Preserve PyObject even when it goes dead by ezyang · Pull Request #56017 · pytorch/pytorch · GitHub has landed to master. This PR makes it so that we never deallocate the PyObject representing a Tensor, unless the Tensor itself is truly dead. This makes the behavior of
__dict__ on Tensor objects more predictable (no more “losing” this information if a Tensor becomes temporarily inaccessible from Python, but not from C++).

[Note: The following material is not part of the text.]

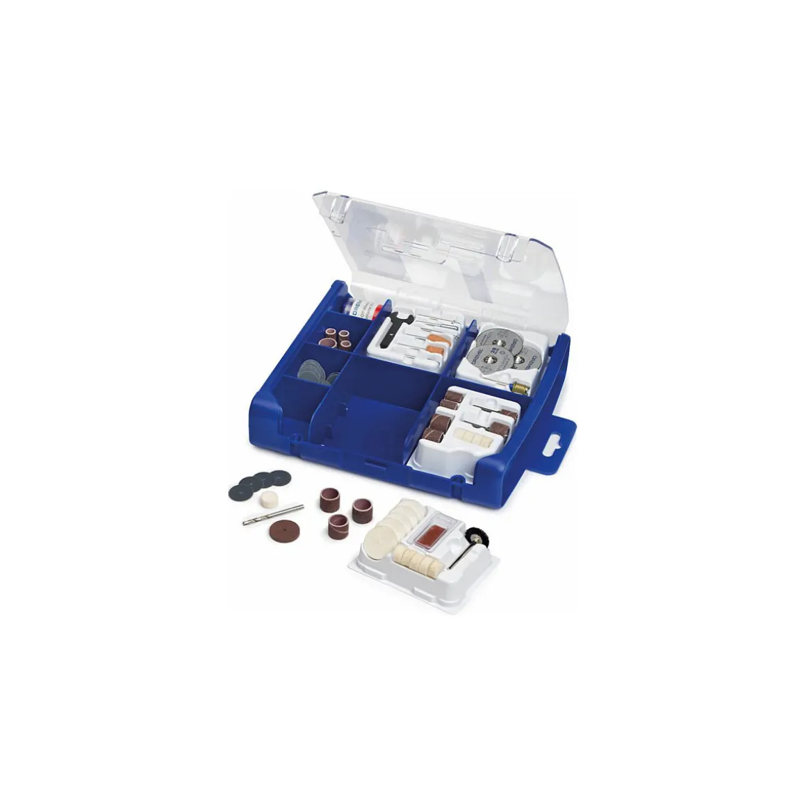Mit dem Dremel Zubehör-Set 100-teilig haben Sie alle Werkzeuge zur Hand, die Sie für Bohren, Bürsten, Trennen, Schleifen, Fräsen und vieles mehr benötigen. Der transparente Aufbewahrungs- und Tragekoffer sorgt dafür, dass das Zubehör immer griffbereit ist.
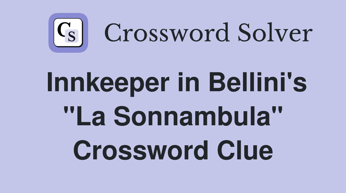 Innkeeper in Bellini #39 s quot La Sonnambula quot Crossword Clue Answers

Although we have done our best to test our change, this is a core change to a very important part of PyTorch, so there is always risk involved. Based on the bugs we fixed while this patch is in development, there is one aspect of this patch which is most likely to break things. If a C++ tensor outlives the Python tensor, the C++ destructor will take out the Python GIL in order to deallocate the PyObject. This can cause deadlocks, if the destructor for a Tensor runs in a context where another thread that holds the GIL is blocked on the thread doing the destruction. It is generally a bad idea to block while holding onto locks, but in preparation of this patch we had to fix a few occurrences of this: https://github.com/pytorch/pytorch/pull/57029 https://github.com/pytorch/pytorch/pull/56817 . The codepaths that are most likely to get in trouble are related to distributed; however, I have already landed logic to report errors when those destructors block while holding the GIL Assert that GIL is not held in blocking destructors by ezyang · Pull Request #57030 · pytorch/pytorch · GitHub and audited most other sites. We may have missed something though!
Please let me know if you think you’re seeing anything new that looks related to this.